### Data

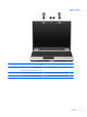 רכיבים עליונים לוח מגע תיאור רכיב )(1 לוח מגע* להזזת המצביע ולבחירה או הפעלה של פריטים על המסך. )(2 לחצן שמאלי של לוח המגע* פועל כמו הלחצן השמאלי בעכבר חיצוני. )(3 קורא טביעות אצבע )בדגמים נבחרים בלבד( מאפשר כניסה ל Windows-באמצעות טביעת אצבע ,במקום כניסה באמצעות סיסמה. )(4 לחצן ימני של לוח המגע* פועל כמו הלחצן הימני בעכבר חיצוני. )(5 אזור הגלילה של לוח המגע לגלילה למעלה או למטה. *טבלה זו מתארת את הגדרות היצרן .
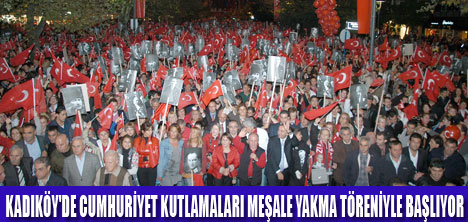 25 Ekim Pazartesi günü geleneksel meşale yakma töreniyle başlayacak kutlamaların kalbi ise 29 Ekim'de Bağdat Caddesi'nde düzenlenecek Cumhuriyet'e Bağlılık Yürüyüşü'nde atacak. Cumhuriyetimizin kuruluşunun 87. Kuruluş Yıldönümü kutlamaları Kadıköy de her yıl geleneksel olarak yakılan Meşale Yakma Töreniyle başlayacak. 25 Ekim Pazartesi günü Kadıköy İskele Meydanı Atatürk Anıtı 'nda yapılacak törende Cumhuriyetin Aydınlık ışığını temsil eden meşaleyi Kadıköy Belediye Başkanı Selami Öztürk, öğrencilerle birlikte sembolik olarak yakacak. Meşale bir hafta süreyle yanacak.
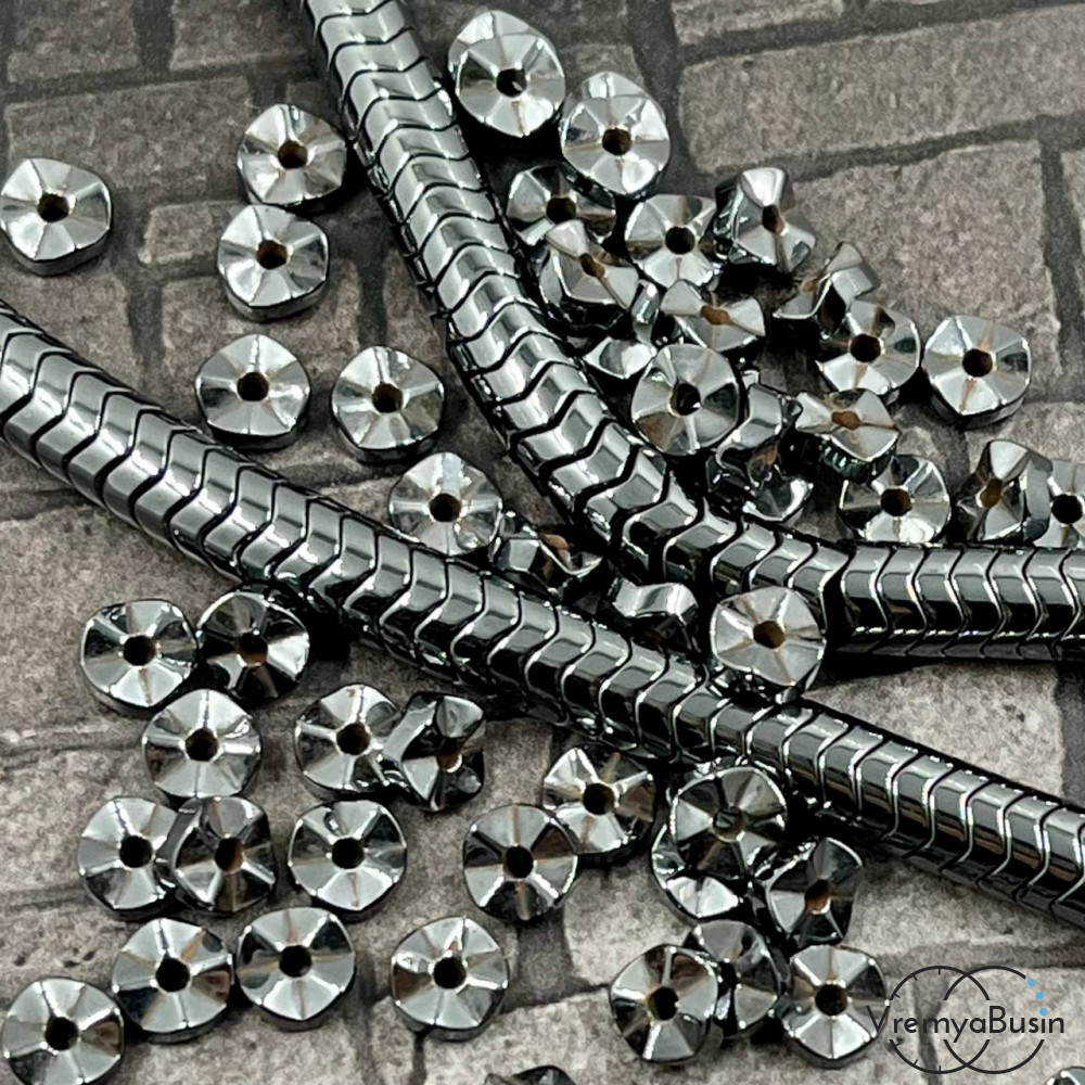 • Гематит, диск изогнутый волной, 3х6 мм, цв. ЧЕРНЫЙ (упак. 20  шт.)

### Work instruction
An exact transcription of the data above is needed, without the pictures.

### Output
 רכיבים עליונים לוח מגע תיאור רכיב )(1 לוח מגע* להזזת המצביע ולבחירה או הפעלה של פריטים על המסך. )(2 לחצן שמאלי של לוח המגע* פועל כמו הלחצן השמאלי בעכבר חיצוני. )(3 קורא טביעות אצבע )בדגמים נבחרים בלבד( מאפשר כניסה ל Windows-באמצעות טביעת אצבע ,במקום כניסה באמצעות סיסמה. )(4 לחצן ימני של לוח המגע* פועל כמו הלחצן הימני בעכבר חיצוני. )(5 אזור הגלילה של לוח המגע לגלילה למעלה או למטה. *טבלה זו מתארת את הגדרות היצרן .
 25 Ekim Pazartesi günü geleneksel meşale yakma töreniyle başlayacak kutlamaların kalbi ise 29 Ekim'de Bağdat Caddesi'nde düzenlenecek Cumhuriyet'e Bağlılık Yürüyüşü'nde atacak. Cumhuriyetimizin kuruluşunun 87. Kuruluş Yıldönümü kutlamaları Kadıköy de her yıl geleneksel olarak yakılan Meşale Yakma Töreniyle başlayacak. 25 Ekim Pazartesi günü Kadıköy İskele Meydanı Atatürk Anıtı 'nda yapılacak törende Cumhuriyetin Aydınlık ışığını temsil eden meşaleyi Kadıköy Belediye Başkanı Selami Öztürk, öğrencilerle birlikte sembolik olarak yakacak. Meşale bir hafta süreyle yanacak.
 • Гематит, диск изогнутый волной, 3х6 мм, цв. ЧЕРНЫЙ (упак. 20  шт.)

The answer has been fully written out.